PROVIDED ENTRIES START
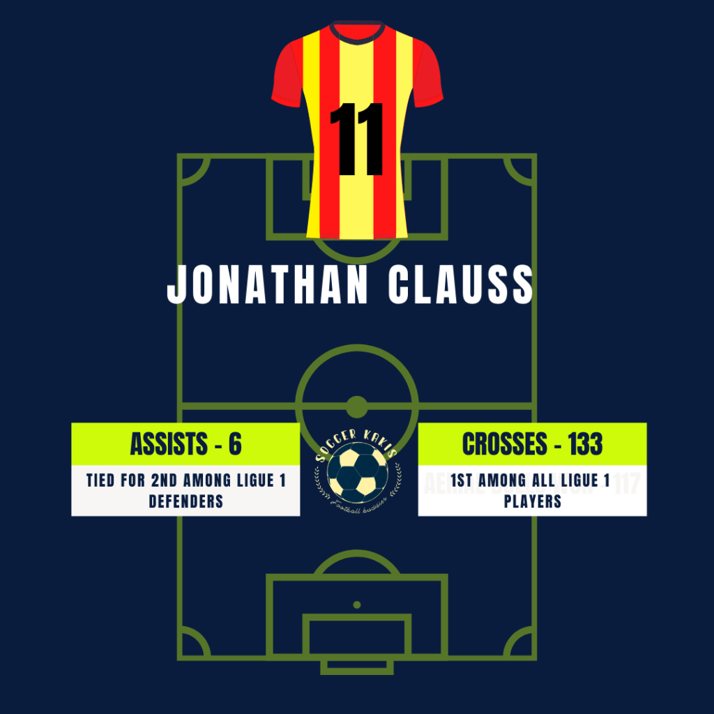 So how good is he as a player? Well, he is a relentless attacking fullback, playing as a wingback in Lens’ back five. His six assists this season is joint-second among all Ligue 1 defenders, and he has been able to add three goals to that tally as well. His never-ending energy allows him to cover that whole right side, but the biggest asset to his game is his ability to operate essentially as an extra attacker going forward. He makes intelligent runs and combines well with his teammates, as if he was playing as a winger at times, and his passing and crossing ability has led to many goal-scoring opportunities for his team. In a league that lacks high-level right backs, to be completely fair, Clauss stands at the top of a fairly non-competitive position. Despite this, he is still a great player and a great story.
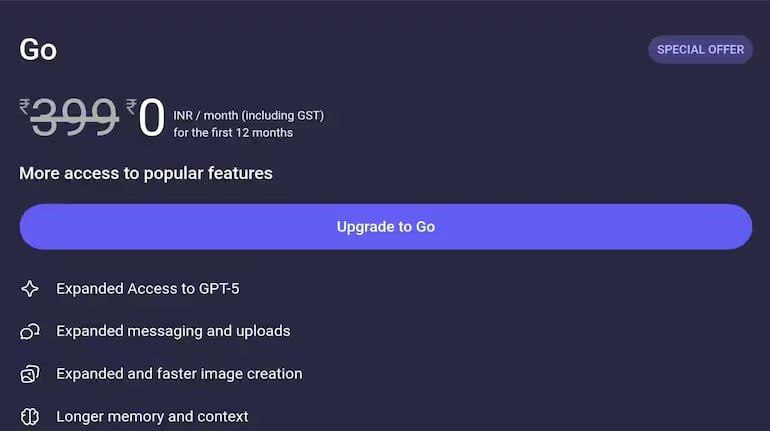 Увидел в сети простую схему, позволяющую даром получить год подписки на ChatGPT Go
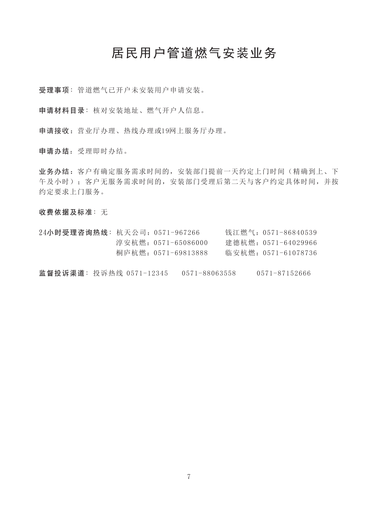 居民用户管道燃气安装业务 |
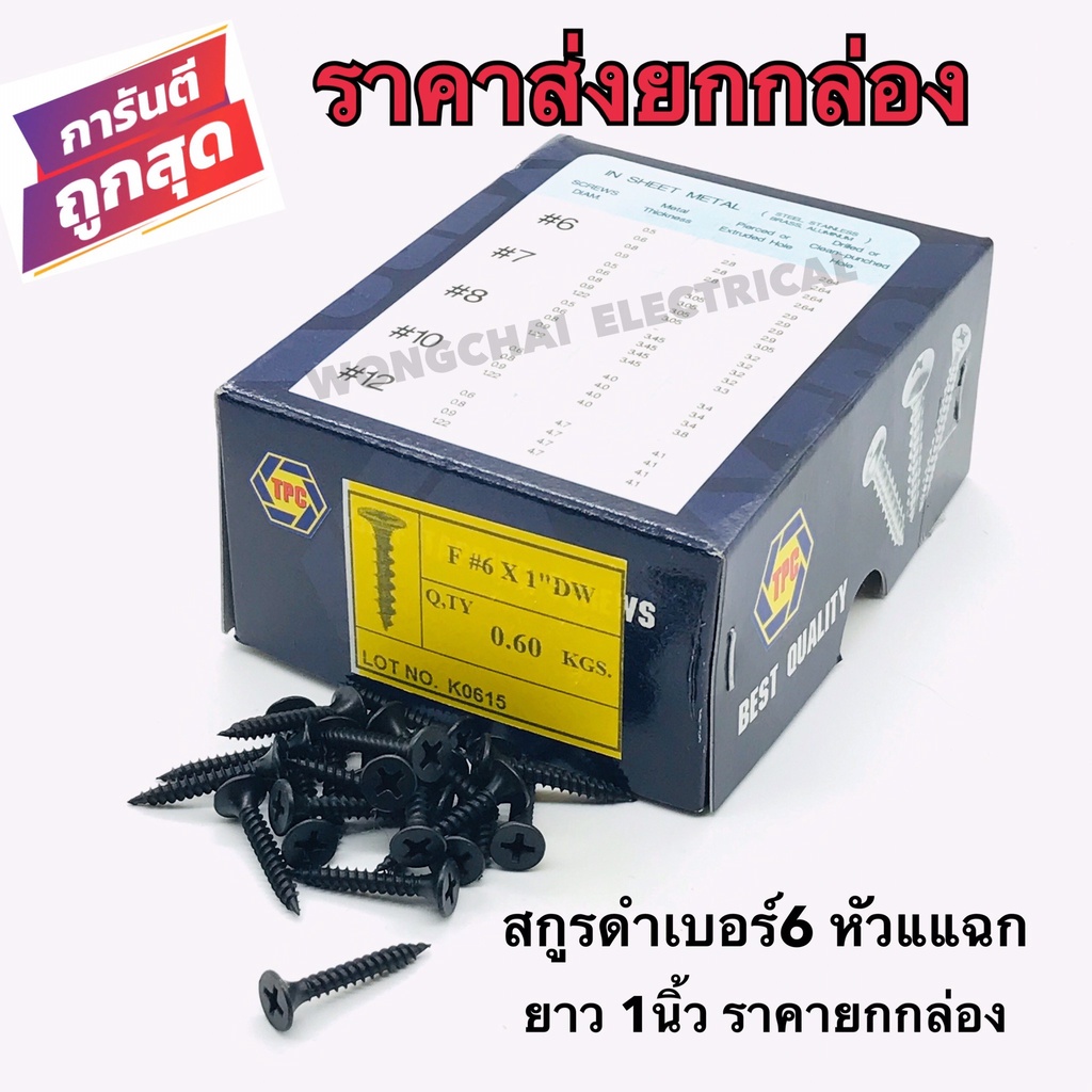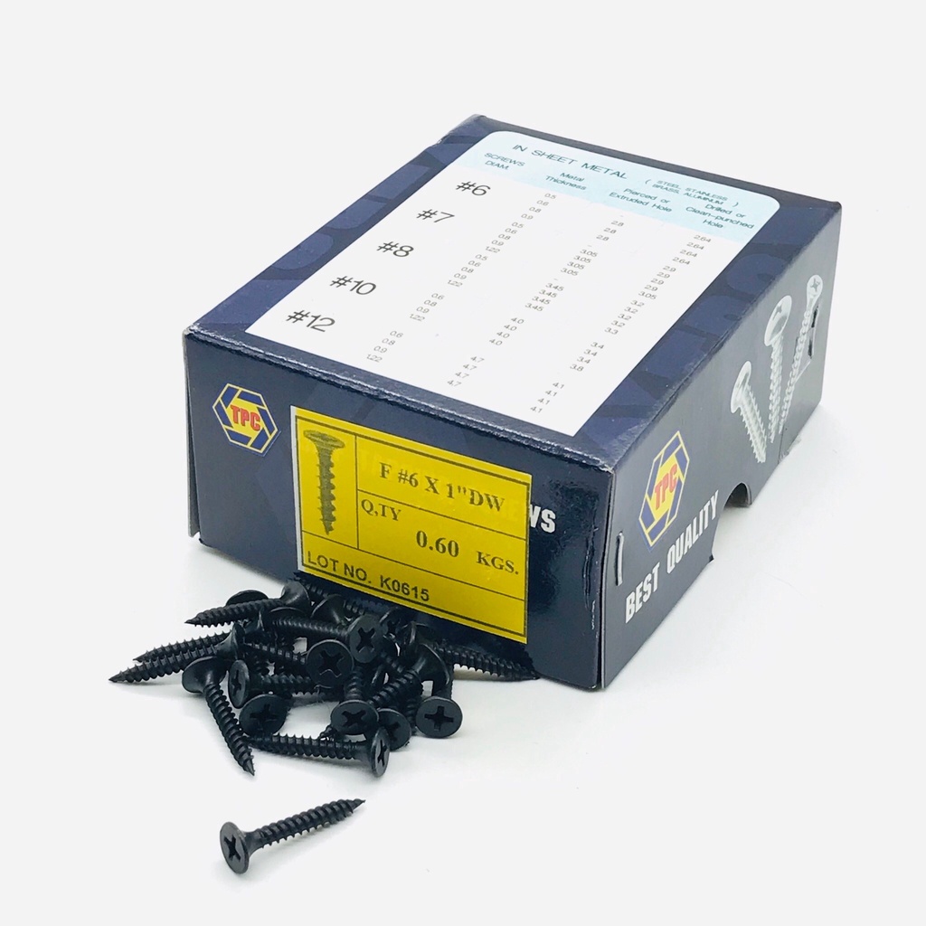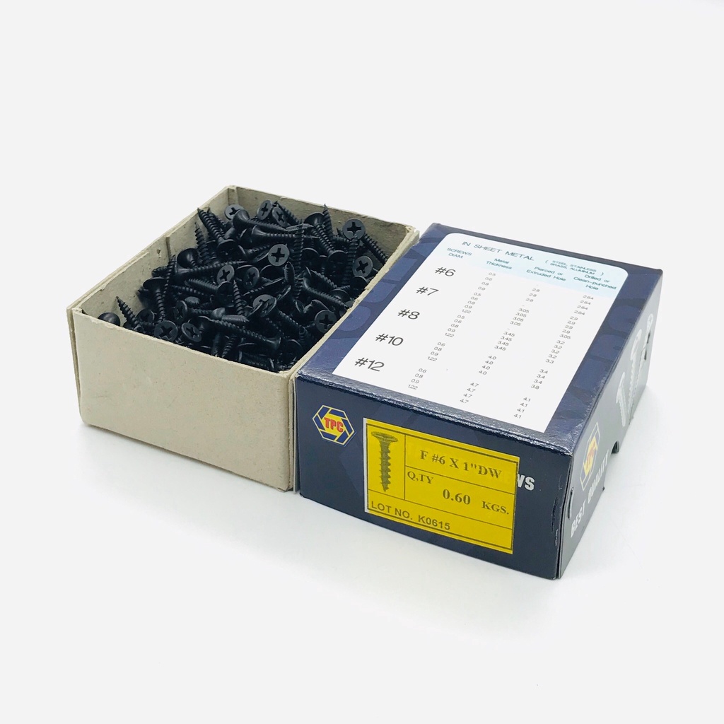 สกรูดำ สกรูยิงฝ้า เบอร์6 ยาว1 นิ้ว หัวแฉกแบน เกลียวปล่อย สีดำ ยิงแผ่นฝ้ายิปซั่ม ฝ้าฉาบเรียบ ซีลาย
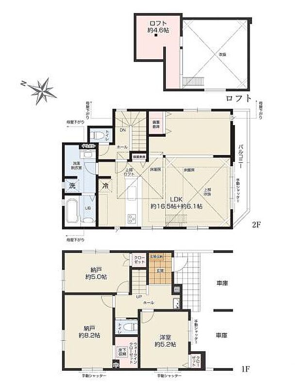 | 間取り | 1SLDK 間取り内訳:収納 5帖(1階)・収納 8.2帖(1階)・洋室 5.2帖(1階)・リビングダイニングキッチン 22.6帖(2階) |
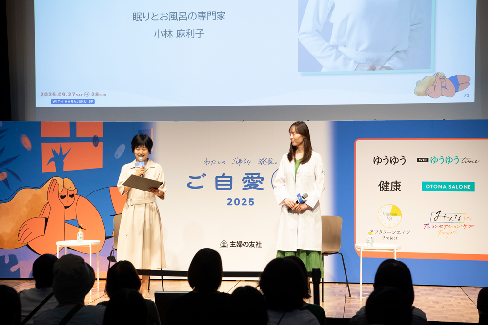 お風呂と睡眠の専門家・小林麻利子先生が登壇し、日々の睡眠環境を整えるための具体的なポイントや、体温コントロール・入浴法など、“ぐっすり眠るためのコツ”を紹介しました。
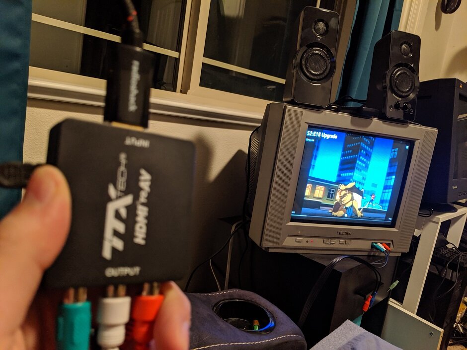 TTX Tech also offers an HDMI to Composite downscaler that can shrink signals up to 1080P down to 480i. I honestly can’t think of many uses for such a device in today’s world where HDTV adoption has become pretty standard. Just for fun though, I hooked up my Xbox One X and watched some Gargoyles the way it was meant to be watched! Unfortunately, Disney+ doesn’t have the option to stretch the video to full 16:9, which would then be compressed to 4:3 on the TV, resulting in an incorrect aspect ratio once again. Still, it was fun to do and see!
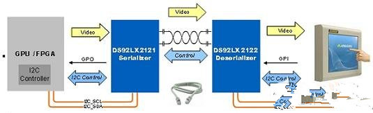 图5所示的是工业用SerDes的一个更简单灵活的应用,用于实现显示器与图像或视频处理器的远距离沟通。本例中,视频处理器包含21位的并行总线和显示器,显示器是一个由I2C控制的触摸屏,装在15米外。与上面的例子相同,数据、时钟和I2C总线都被串行到数据负载为1.05Gbps(21×50MHz)的单差分对,具有很大的设计灵活性。在低成本媒介、远距离或点对点的数据传输等多种应用中,均可以使用这种SerDes。
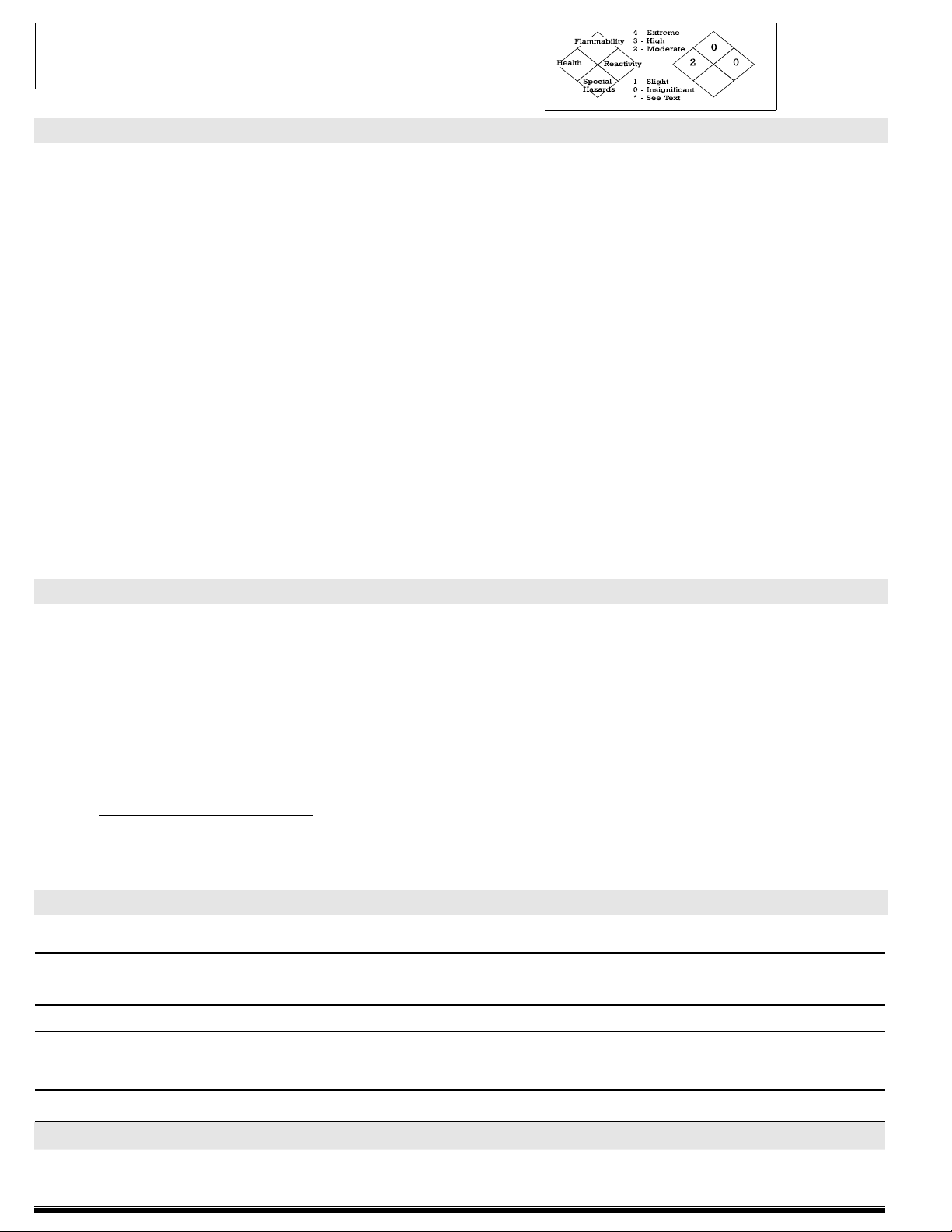 Section VI - Health Hazard Data and Toxicological Properties
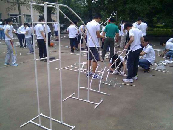 培训师发给每个小组材料,要求团队在没有图纸和参照物的情况下,搭建一座过山车。
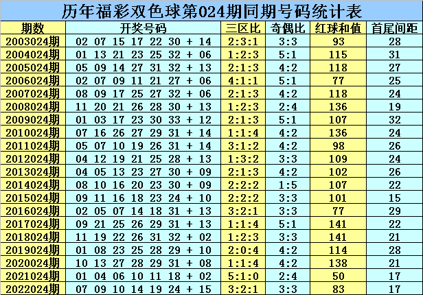 三离别析:在历史第024期同时开奖中,红球三区比为41:30:49,红二区号码出现较少。其中红一区莫得出现断区时局,有2次大热时局,红二区有1次断区,莫得出现3个以上红球的时局,红三区有1次断区,有4次出现3个以上红球的奖号。瞻望本年同时各区号码均衡,三区比参考2:2:2。
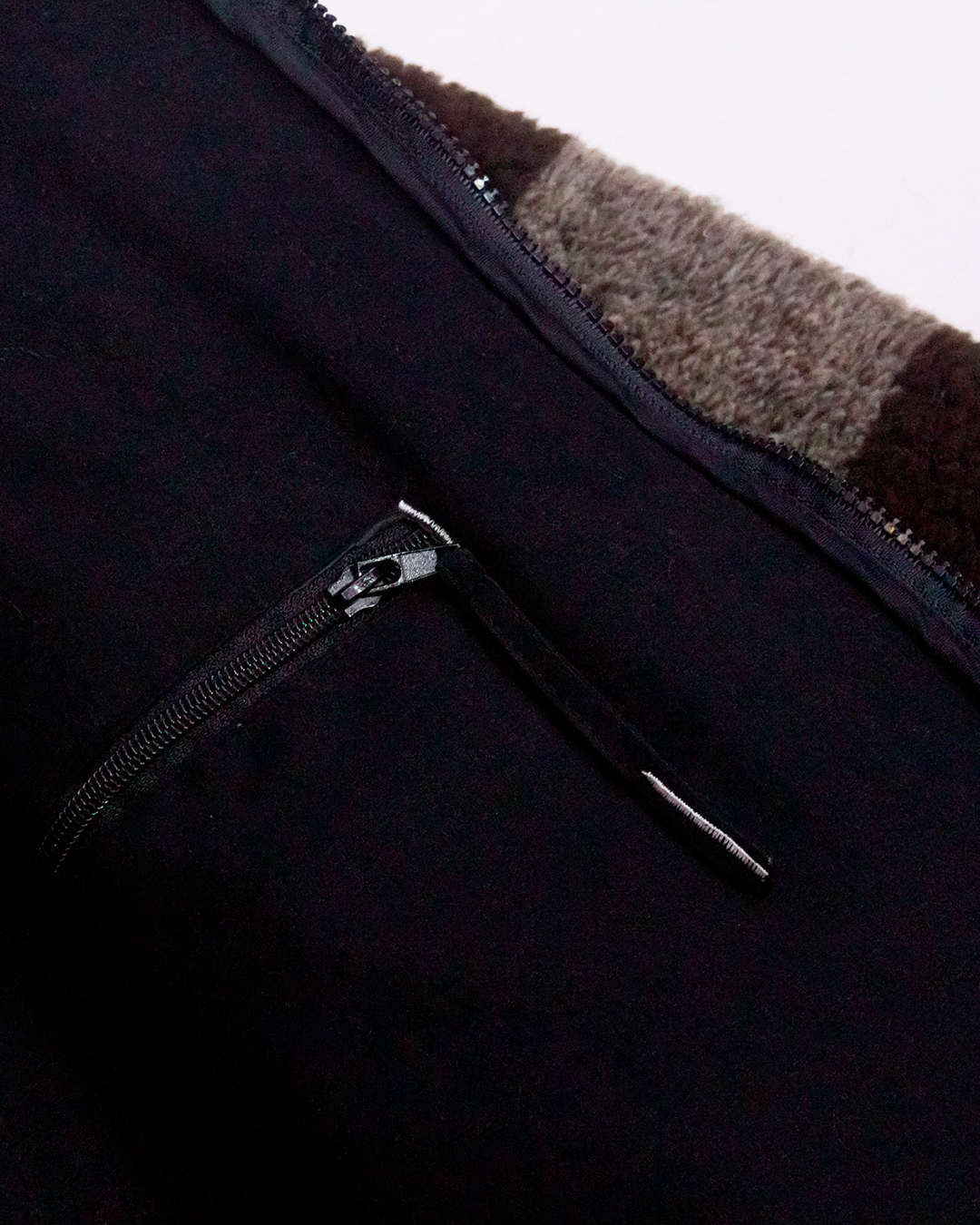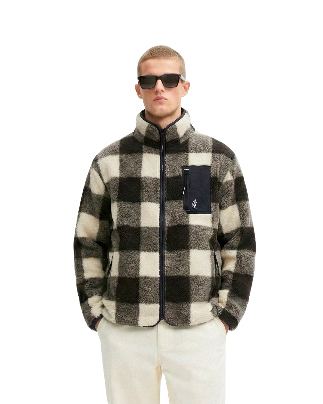 Una chaqueta Sherpa diseñada para quienes buscan algo diferente. Su textura cálida y el patrón tipo sierra se combinan con detalles técnicos en nylon, como el bolsillo frontal con cremallera, aportando contraste y funcionalidad.
PROVIDED ENTRIES END
• [THE TASK]:
Given the listing above, return exactly, and only, the lines from the line with "居民用户管道燃气安装业务 |" through its final line, both included, with the pictures removed.

• [EXERCISE RESPONSE]:
 居民用户管道燃气安装业务 |
 สกรูดำ สกรูยิงฝ้า เบอร์6 ยาว1 นิ้ว หัวแฉกแบน เกลียวปล่อย สีดำ ยิงแผ่นฝ้ายิปซั่ม ฝ้าฉาบเรียบ ซีลาย
 | 間取り | 1SLDK 間取り内訳:収納 5帖(1階)・収納 8.2帖(1階)・洋室 5.2帖(1階)・リビングダイニングキッチン 22.6帖(2階) |
 お風呂と睡眠の専門家・小林麻利子先生が登壇し、日々の睡眠環境を整えるための具体的なポイントや、体温コントロール・入浴法など、“ぐっすり眠るためのコツ”を紹介しました。
 TTX Tech also offers an HDMI to Composite downscaler that can shrink signals up to 1080P down to 480i. I honestly can’t think of many uses for such a device in today’s world where HDTV adoption has become pretty standard. Just for fun though, I hooked up my Xbox One X and watched some Gargoyles the way it was meant to be watched! Unfortunately, Disney+ doesn’t have the option to stretch the video to full 16:9, which would then be compressed to 4:3 on the TV, resulting in an incorrect aspect ratio once again. Still, it was fun to do and see!
 图5所示的是工业用SerDes的一个更简单灵活的应用,用于实现显示器与图像或视频处理器的远距离沟通。本例中,视频处理器包含21位的并行总线和显示器,显示器是一个由I2C控制的触摸屏,装在15米外。与上面的例子相同,数据、时钟和I2C总线都被串行到数据负载为1.05Gbps(21×50MHz)的单差分对,具有很大的设计灵活性。在低成本媒介、远距离或点对点的数据传输等多种应用中,均可以使用这种SerDes。
 Section VI - Health Hazard Data and Toxicological Properties
 培训师发给每个小组材料,要求团队在没有图纸和参照物的情况下,搭建一座过山车。
 三离别析:在历史第024期同时开奖中,红球三区比为41:30:49,红二区号码出现较少。其中红一区莫得出现断区时局,有2次大热时局,红二区有1次断区,莫得出现3个以上红球的时局,红三区有1次断区,有4次出现3个以上红球的奖号。瞻望本年同时各区号码均衡,三区比参考2:2:2。
 Una chaqueta Sherpa diseñada para quienes buscan algo diferente. Su textura cálida y el patrón tipo sierra se combinan con detalles técnicos en nylon, como el bolsillo frontal con cremallera, aportando contraste y funcionalidad.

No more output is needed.